------ INFORMATION SUPPLIED

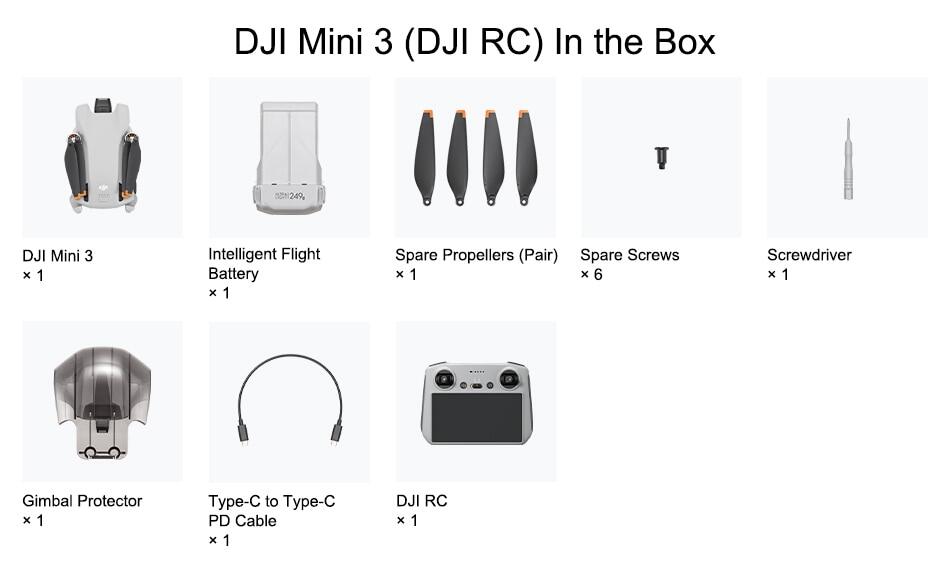 Remote Controller: DJI Mini 3 supports DJI RC-N1 (normal remote controller) and DJI RC (remote controller with screen).
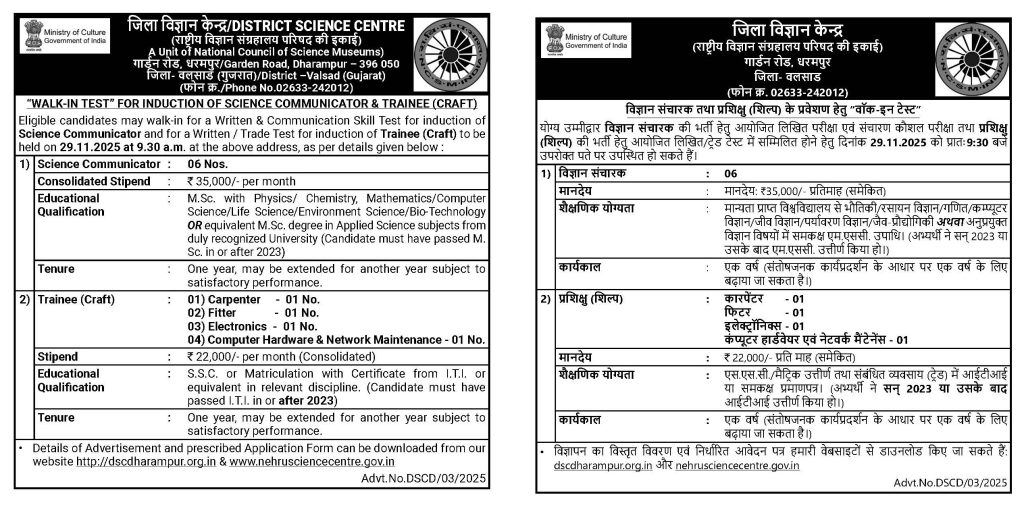 विज्ञापन संख्या DSCD/02/2025 आवेदन पत्र डाउनलोड करने के लिए यहां क्लिक करें।विज्ञापन विवरण डाउनलोड करने के लिए यहां क्लिक करें।
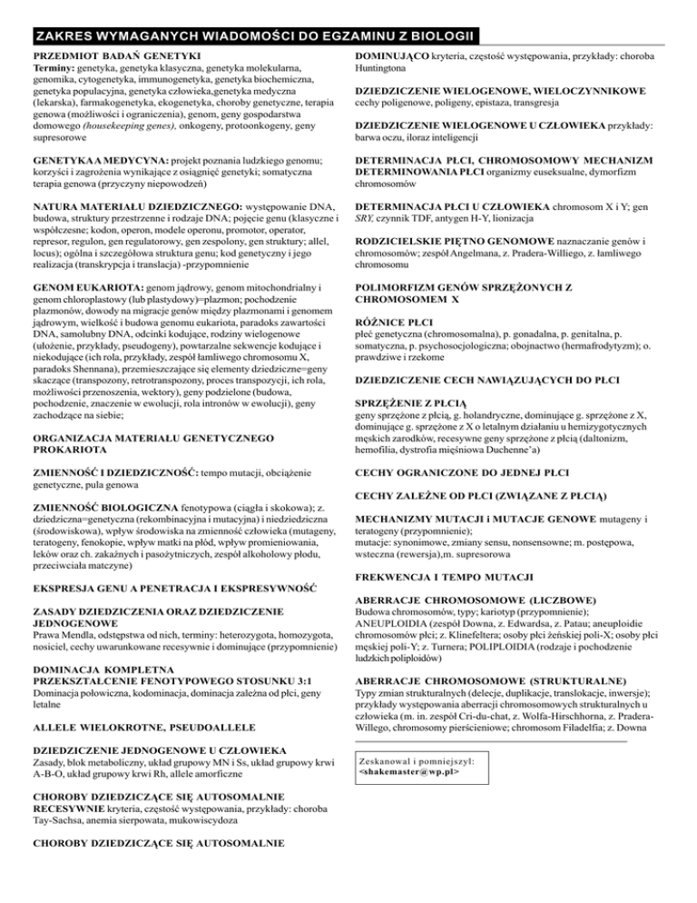 ZAKRES WYMAGANYCH WIADOMOŚCI DO EGZAMINU Z BIOLOGII PRZEDMIOT BADAŃ GENETYKI Terminy: genetyka, genetyka klasyczna, genetyka molekularna, genomika, cytogenetyka, immunogenetyka, genetyka biochemiczna, genetyka populacyjna, genetyka człowieka,genetyka medyczna (lekarska), farmakogenetyka, ekogenetyka, choroby genetyczne, terapia genowa (możliwości i ograniczenia), genom, geny gospodarstwa domowego (housekeeping genes), onkogeny, protoonkogeny, geny supresorowe DOMINUJĄCO kryteria, częstość występowania, przykłady: choroba Huntingtona GENETYKA A MEDYCYNA: projekt poznania ludzkiego genomu; korzyści i zagrożenia wynikające z osiągnięć genetyki; somatyczna terapia genowa (przyczyny niepowodzeń) DETERMINACJA PŁCI, CHROMOSOMOWY MECHANIZM DETERMINOWANIA PŁCI organizmy euseksualne, dymorfizm chromosomów NATURA MATERIAŁU DZIEDZICZNEGO: występowanie DNA, budowa, struktury przestrzenne i rodzaje DNA; pojęcie genu (klasyczne i współczesne; kodon, operon, modele operonu, promotor, operator, represor, regulon, gen regulatorowy, gen zespolony, gen struktury; allel, locus); ogólna i szczegółowa struktura genu; kod genetyczny i jego realizacja (transkrypcja i translacja) -przypomnienie DETERMINACJA PŁCI U CZŁOWIEKA chromosom X i Y; gen SRY, czynnik TDF, antygen H-Y, lionizacja GENOM EUKARIOTA: genom jądrowy, genom mitochondrialny i genom chloroplastowy (lub plastydowy)=plazmon; pochodzenie plazmonów, dowody na migracje genów między plazmonami i genomem jądrowym, wielkość i budowa genomu eukariota, paradoks zawartości DNA, samolubny DNA, odcinki kodujące, rodziny wielogenowe (ułożenie, przykłady, pseudogeny), powtarzalne sekwencje kodujące i niekodujące (ich rola, przykłady, zespół łamliwego chromosomu X, paradoks Shennana), przemieszczające się elementy dziedziczne=geny skaczące (transpozony, retrotranspozony, proces transpozycji, ich rola, możliwości przenoszenia, wektory), geny podzielone (budowa, pochodzenie, znaczenie w ewolucji, rola intronów w ewolucji), geny zachodzące na siebie; POLIMORFIZM GENÓW SPRZĘŻONYCH Z CHROMOSOMEM X ORGANIZACJA MATERIAŁU GENETYCZNEGO PROKARIOTA ZMIENNOŚĆ I DZIEDZICZNOŚĆ: tempo mutacji, obciążenie genetyczne, pula genowa DZIEDZICZENIE WIELOGENOWE, WIELOCZYNNIKOWE cechy poligenowe, poligeny, epistaza, transgresja DZIEDZICZENIE WIELOGENOWE U CZŁOWIEKA przykłady: barwa oczu, iloraz inteligencji RODZICIELSKIE PIĘTNO GENOMOWE naznaczanie genów i chromosomów; zespół Angelmana, z. Pradera-Williego, z. łamliwego chromosomu RÓŻNICE PŁCI płeć genetyczna (chromosomalna), p. gonadalna, p. genitalna, p. somatyczna, p. psychosocjologiczna; obojnactwo (hermafrodytyzm); o. prawdziwe i rzekome DZIEDZICZENIE CECH NAWIĄZUJĄCYCH DO PŁCI SPRZĘŻENIE Z PŁCIĄ geny sprzężone z płcią, g. holandryczne, dominujące g. sprzężone z X, dominujące g. sprzężone z X o letalnym działaniu u hemizygotycznych męskich zarodków, recesywne geny sprzężone z płcią (daltonizm, hemofilia, dystrofia mięśniowa Duchenne’a) CECHY OGRANICZONE DO JEDNEJ PŁCI CECHY ZALEŻNE OD PŁCI (ZWIĄZANE Z PŁCIĄ) ZMIENNOŚĆ BIOLOGICZNA fenotypowa (ciągła i skokowa); z. dziedziczna=genetyczna (rekombinacyjna i mutacyjna) i niedziedziczna (środowiskowa), wpływ środowiska na zmienność człowieka (mutageny, teratogeny, fenokopie, wpływ matki na płód, wpływ promieniowania, leków oraz ch. zakaźnych i pasożytniczych, zespół alkoholowy płodu, przeciwciała matczyne) MECHANIZMY MUTACJI i MUTACJE GENOWE mutageny i teratogeny (przypomnienie); mutacje: synonimowe, zmiany sensu, nonsensowne; m. postępowa, wsteczna (rewersja),m. supresorowa FREKWENCJA I TEMPO MUTACJI EKSPRESJA GENU A PENETRACJA I EKSPRESYWNOŚĆ ZASADY DZIEDZICZENIA ORAZ DZIEDZICZENIE JEDNOGENOWE Prawa Mendla, odstępstwa od nich, terminy: heterozygota, homozygota, nosiciel, cechy uwarunkowane recesywnie i dominujące (przypomnienie) DOMINACJA KOMPLETNA PRZEKSZTAŁCENIE FENOTYPOWEGO STOSUNKU 3:1 Dominacja połowiczna, kodominacja, dominacja zależna od płci, geny letalne ALLELE WIELOKROTNE, PSEUDOALLELE DZIEDZICZENIE JEDNOGENOWE U CZŁOWIEKA Zasady, blok metaboliczny, układ grupowy MN i Ss, układ grupowy krwi A-B-O, układ grupowy krwi Rh, allele amorficzne CHOROBY DZIEDZICZĄCE SIĘ AUTOSOMALNIE RECESYWNIE kryteria, częstość występowania, przykłady: choroba Tay-Sachsa, anemia sierpowata, mukowiscydoza CHOROBY DZIEDZICZĄCE SIĘ AUTOSOMALNIE ABERRACJE CHROMOSOMOWE (LICZBOWE) Budowa chromosomów, typy; kariotyp (przypomnienie); ANEUPLOIDIA (zespół Downa, z. Edwardsa, z. Patau; aneuploidie chromosomów płci; z. Klinefeltera; osoby płci żeńskiej poli-X; osoby płci męskiej poli-Y; z. Turnera; POLIPLOIDIA (rodzaje i pochodzenie ludzkich poliploidów) ABERRACJE CHROMOSOMOWE (STRUKTURALNE) Typy zmian strukturalnych (delecje, duplikacje, translokacje, inwersje); przykłady występowania aberracji chromosomowych strukturalnych u człowieka (m. in. zespół Cri-du-chat, z. Wolfa-Hirschhorna, z. PraderaWillego, chromosomy pierścieniowe; chromosom Filadelfia; z. Downa Zeskanowal i pomniejszyl: <[email protected]>
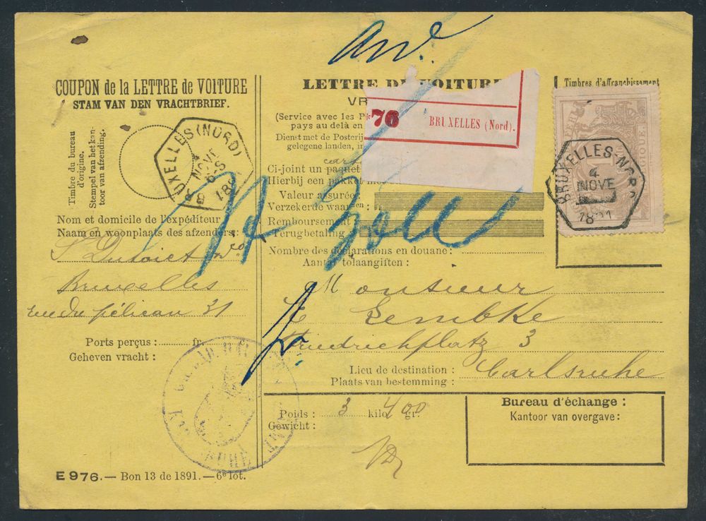2599 image1881 Lettre de voiture - Vrachtbrief E. 976 - Service avec les postes de l'Empire Germanique..., French and Dutch, franked TR 13 with cancel Bruxelles (Nord), dated 4 November 1881, to Karlsruhe, vf(Image 1) (All Images)

------------

= ACTIVITY =
Please return exactly the lines above, from where the listing starts to the line holding "विज्ञापन संख्या DSCD/02/2025", inclusive, with the pictures omitted.

= REPLY =
 Remote Controller: DJI Mini 3 supports DJI RC-N1 (normal remote controller) and DJI RC (remote controller with screen).
 विज्ञापन संख्या DSCD/02/2025 आवेदन पत्र डाउनलोड करने के लिए यहां क्लिक करें।विज्ञापन विवरण डाउनलोड करने के लिए यहां क्लिक करें।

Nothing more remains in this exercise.